Aidan Forth, Assistant Professor of History at McEwan University, states in the Journal of Interdisciplinary History that Elkin's “command of this legal history is impressive,” referring to her analysis of martial law, emergency powers, commissions of inquiry, censorship, and other legal methods that allowed the British empire to present coercion as lawful governance. The concept of “legalized lawlessness” is deemed by Forth as one of the book's most persuasive and important contributions. The reviewer also praises the way Elkins treats inter-imperial connections and also the circulation of personnel and tactics. She “deftly navigates” the movement of colonial agents from one theater of repression to another and is credited with connecting episodes of violence across the empire rather than treating them as isolated crises. Forth states her book effectively differentiates British imperial actions from Nazi Germany, where "aggression was naked and race was immutable."

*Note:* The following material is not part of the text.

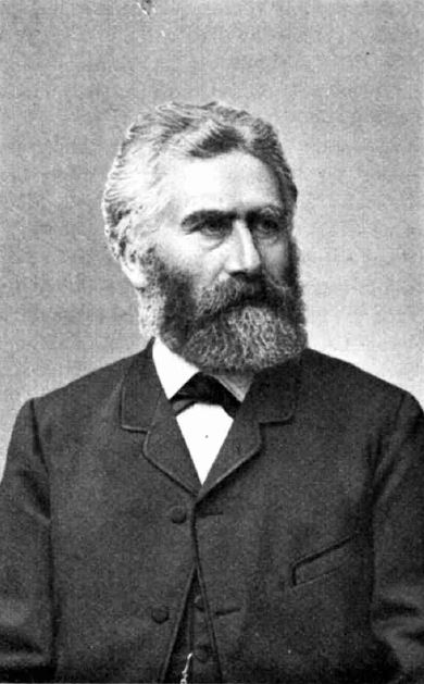 Portrait of Wilhelm Fuhrmann, mathematician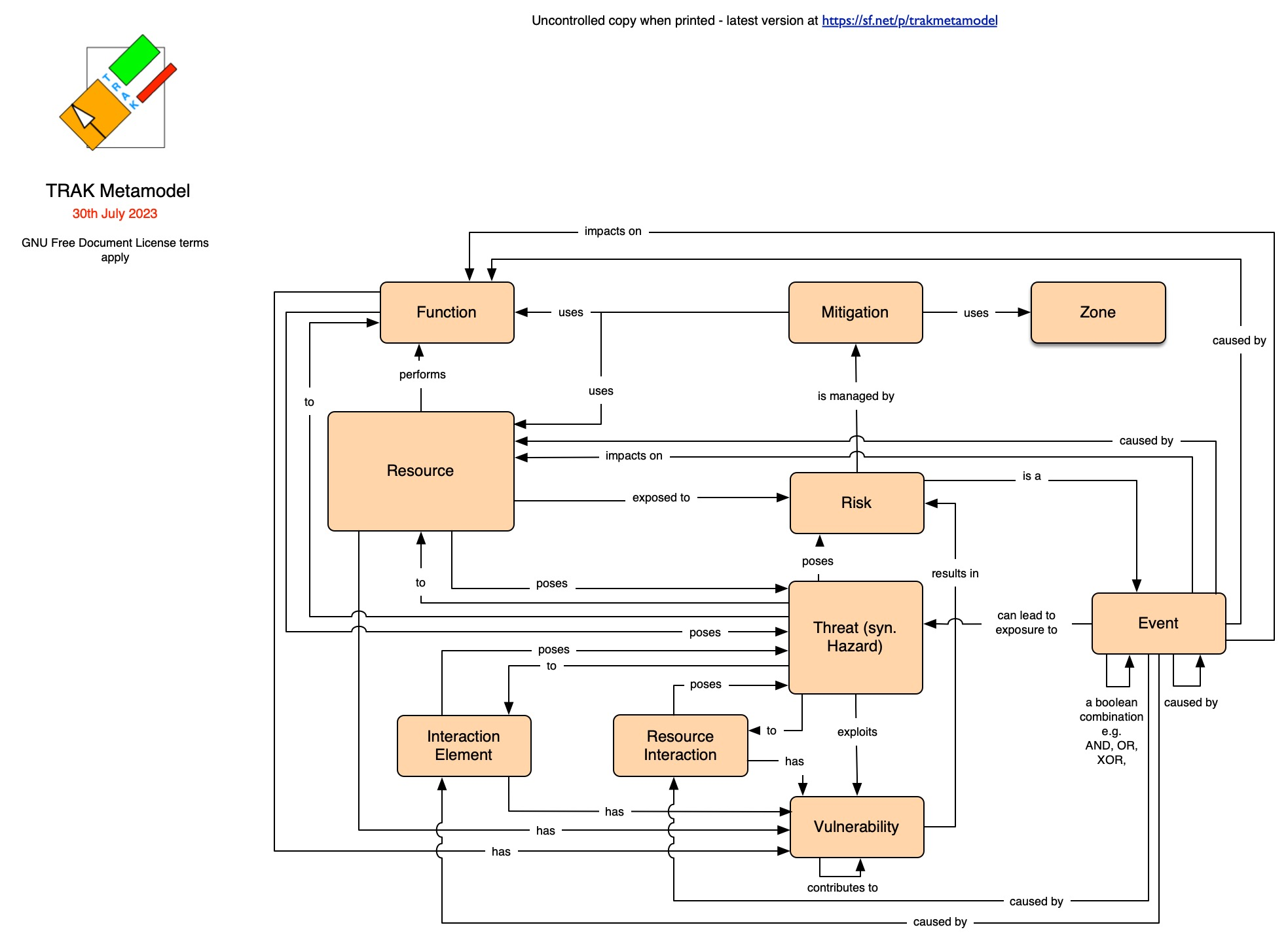 Defines the Architecture Description Elements (the triples / tuples that may appear in TRAK architecture views) that describe safety, security and risk.

Writing positively in Immigrants and Minorities, independent researcher Robert Brown states that, alongside the histories of conquest and brutality associated with Western liberalism, Elkins’ work enacts a commendable reversal within liberal traditions by using careful evidence-gathering and legal processes to hold power accountable. He concludes that her book can be a tool from which to develop broaden and rebalance debates about empire. However, Brown criticizes Elkins' inclusion of a chapter linking the recent advocacy for Brexit to Britain's violent colonial past and a nostalgia for empire, calling it "unnecessary" and that her books' "...mission statement is more than compelling enough on its own".

University of Maryland historian Richard N. Price said that "if the book tends to overstuff its argument, it is also a book that is curiously thin in its conceptualization. Nuance and subtlety are strikingly absent throughout all the key arguments of the book." However, Price also noted that "the author demonstrates an impressive command both of archival research and of the secondary literature."